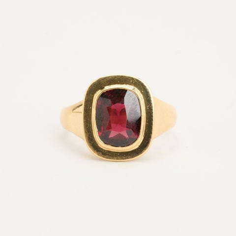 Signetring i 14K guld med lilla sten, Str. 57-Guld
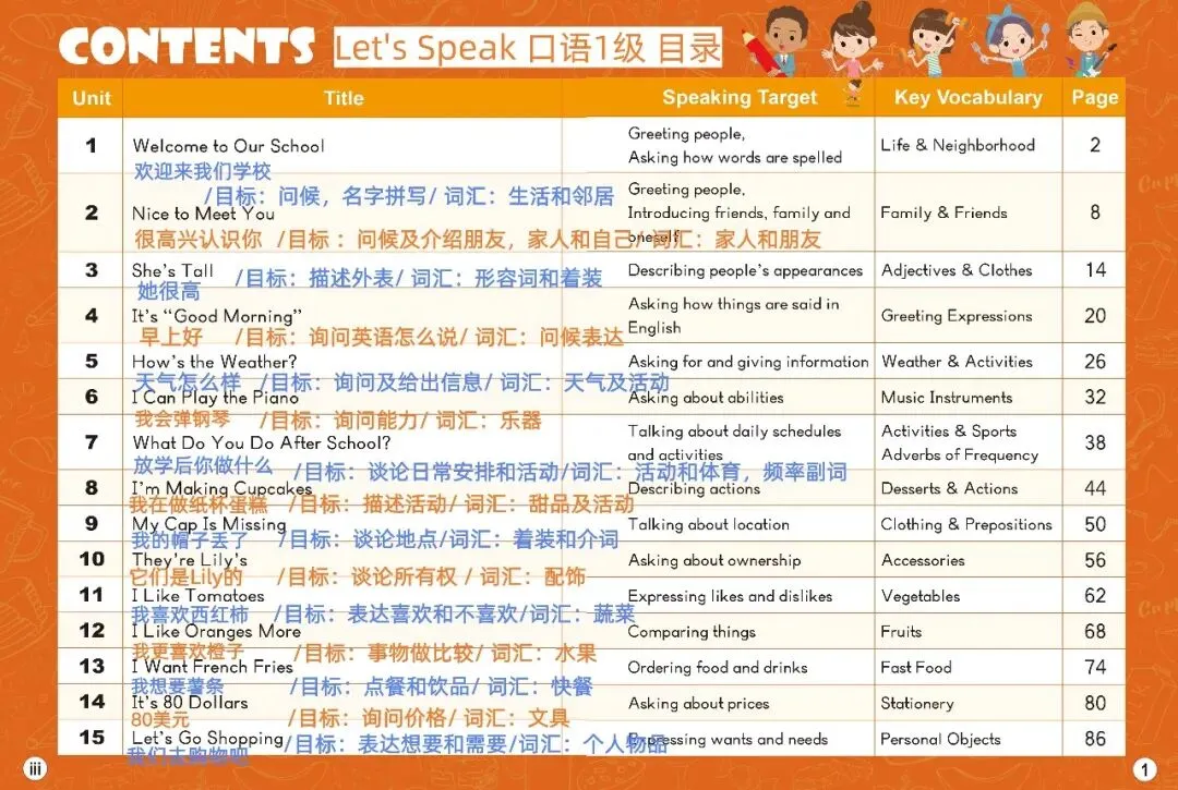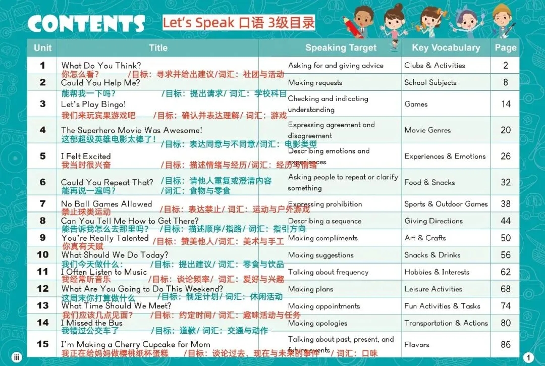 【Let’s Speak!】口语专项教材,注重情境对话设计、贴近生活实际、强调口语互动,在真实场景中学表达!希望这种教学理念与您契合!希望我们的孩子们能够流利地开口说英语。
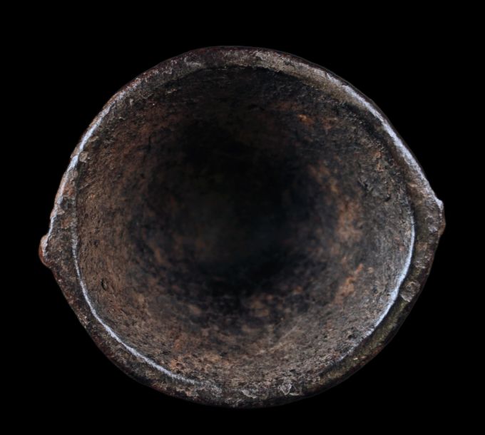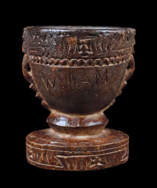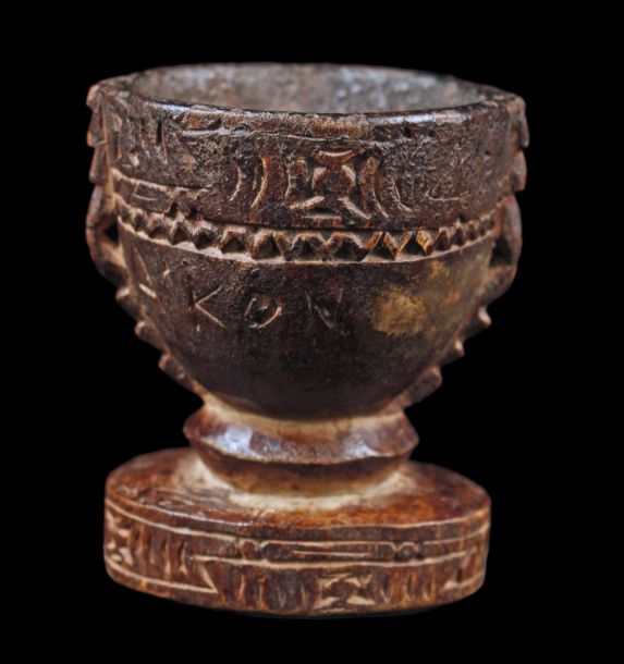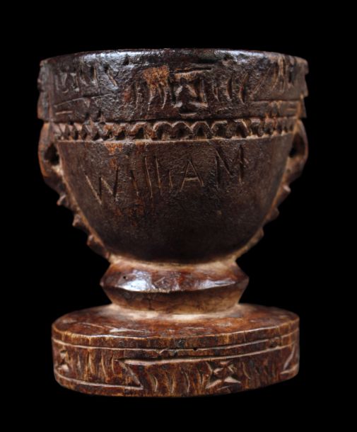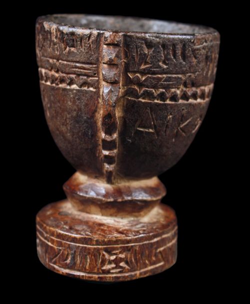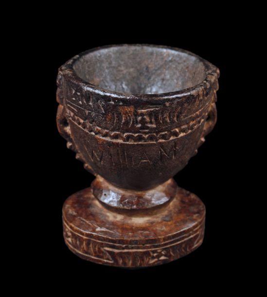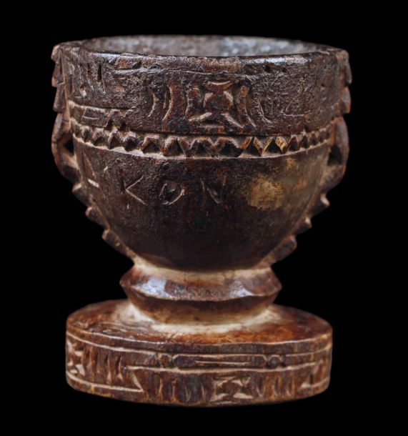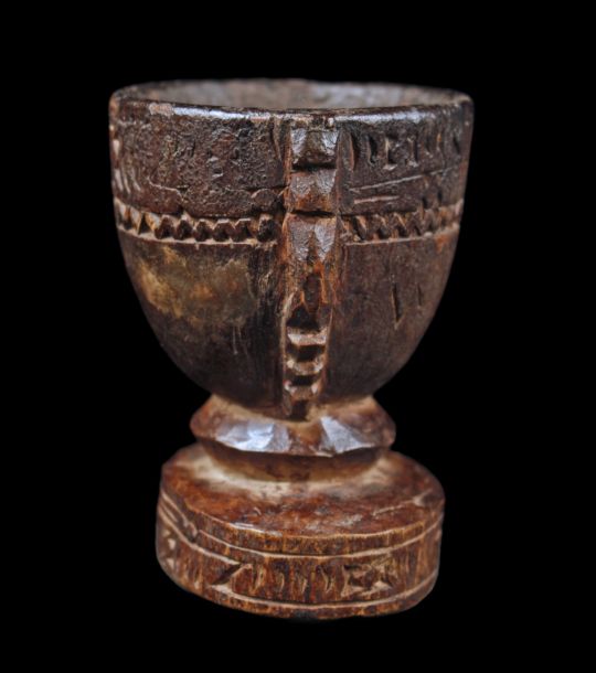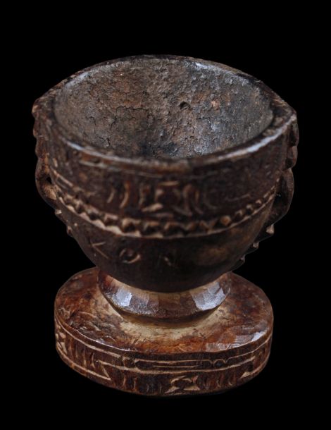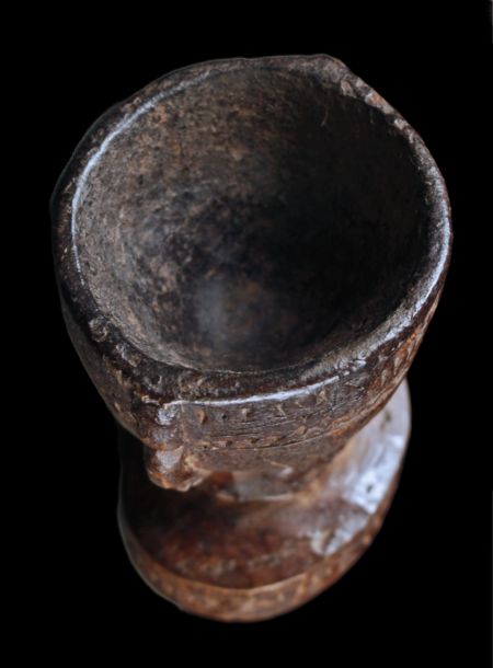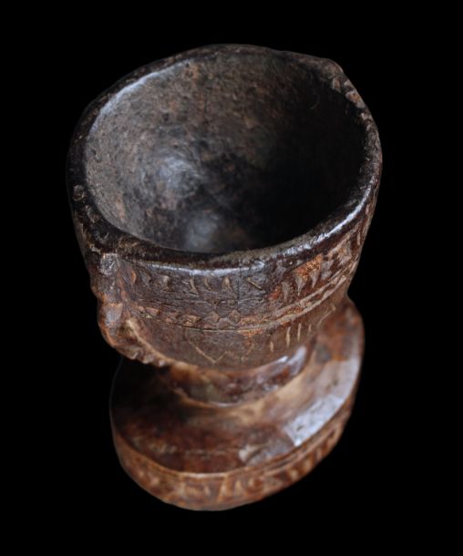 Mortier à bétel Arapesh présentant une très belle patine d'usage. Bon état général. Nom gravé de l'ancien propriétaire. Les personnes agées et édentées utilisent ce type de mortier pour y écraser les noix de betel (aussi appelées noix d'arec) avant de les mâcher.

## WHAT IS REQUIRED
Aside from its pictures, the listing must be given again in full, exactly as it appears.

## RESULT OF THE EXERCISE
 Signetring i 14K guld med lilla sten, Str. 57-Guld
 【Let’s Speak!】口语专项教材,注重情境对话设计、贴近生活实际、强调口语互动,在真实场景中学表达!希望这种教学理念与您契合!希望我们的孩子们能够流利地开口说英语。
 Mortier à bétel Arapesh présentant une très belle patine d'usage. Bon état général. Nom gravé de l'ancien propriétaire. Les personnes agées et édentées utilisent ce type de mortier pour y écraser les noix de betel (aussi appelées noix d'arec) avant de les mâcher.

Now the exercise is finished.